El deterioro moral en el ejercicio de la política no es un fenómeno exclusivamente español. Tiene que ver con la crisis del sistema de representación en las democracias

Cebrián 120224
Eva Vázquez

Encabeza este artículo el nombre del mensual que Fernando Savater promovió al amparo de El PAÍS desde los años noventa, y en homenaje a su contribución a la historia de nuestro diario. Remedando al famoso ensayo de Kant, Crítica de la Razón Práctica, el título de la revista convocaba a la reflexión sobre el ejercicio de la voluntad y los valores morales. La prosa del alemán es enrevesada y algunas traducciones no muy buenas. Sin embargo, establece una máxima sobre la ética política casi inamovible desde entonces. “Lo obviamente contrario al principio moral —dice— es cuando la felicidad propia se convierte en motivo determinante de la voluntad”. Y añade que cualquier tramposo en el juego, aunque se enriquezca, debe despreciarse a sí mismo por inmoral y no enorgullecerse de su inteligencia o habilidad para ganar haciendo trampas. No creo que el presidente Sánchez haya leído a Kant, pero debería hacerlo.

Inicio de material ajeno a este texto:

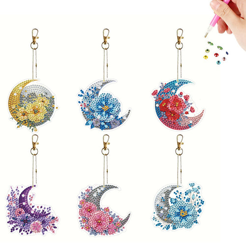 6Pcs Acrylic Double Sided Moon Flower Diamond Painting Keychain for Bag Decor

En el barrizal de la discusión jurídica sobre el futuro de la ley de amnistía corremos peligro de olvidar el debate sobre lo más preocupante: la deriva inmoral de un Gobierno, cuyo presidente decidió pagar un precio por su investidura, en connivencia con prófugos de la justicia y delincuentes convictos y confesos, a cambio de poder mantenerse en el poder. Es lamentable que los portavoces de un partido democrático fundamental para la democracia española como el PSOE entonen de continuo la zarabanda de estupideces que se manejan en una discusión que versa sobre cualquier cosa menos sobre un proyecto político. No es hora de recapitular la cantidad de mentiras y despropósitos que el presidente y varios de sus ministros han difundido a cambio de un puñado de votos. Para asombro de la opinión pública, la ley de amnistía la están redactando los propios amnistiados y la presidenta del Congreso permite que se acuse de delincuentes, desde la tribuna del Parlamento, a los magistrados y fiscales que aplicaron justicia. Si la amnistía no tiene fundamento cívico, como en estas páginas recordaba recientemente Jordi Amat, es porque tampoco tiene fundamento moral. Ni por parte de quienes se benefician de ella, que no se declaran arrepentidos de sus delitos, ni por parte de quienes la conceden en un verdadero intercambio de favores. La suposición de que el motivo es mejorar la convivencia es toda una farsa. Lo que ha generado, en cambio, en contra del pretendido interés general es una confusión política y social sin precedentes en nuestro país desde el comienzo de la democracia. Sánchez pasará a la historia como el presidente que más ha dividido a los españoles, al frente de una impostada mayoría progresista que no es más que un sindicato de intereses entre sus miembros, a los que primordialmente une el reclamo del poder. También la imposición de sus particulares obsesiones ideológicas, a costa del ejercicio de la libertad.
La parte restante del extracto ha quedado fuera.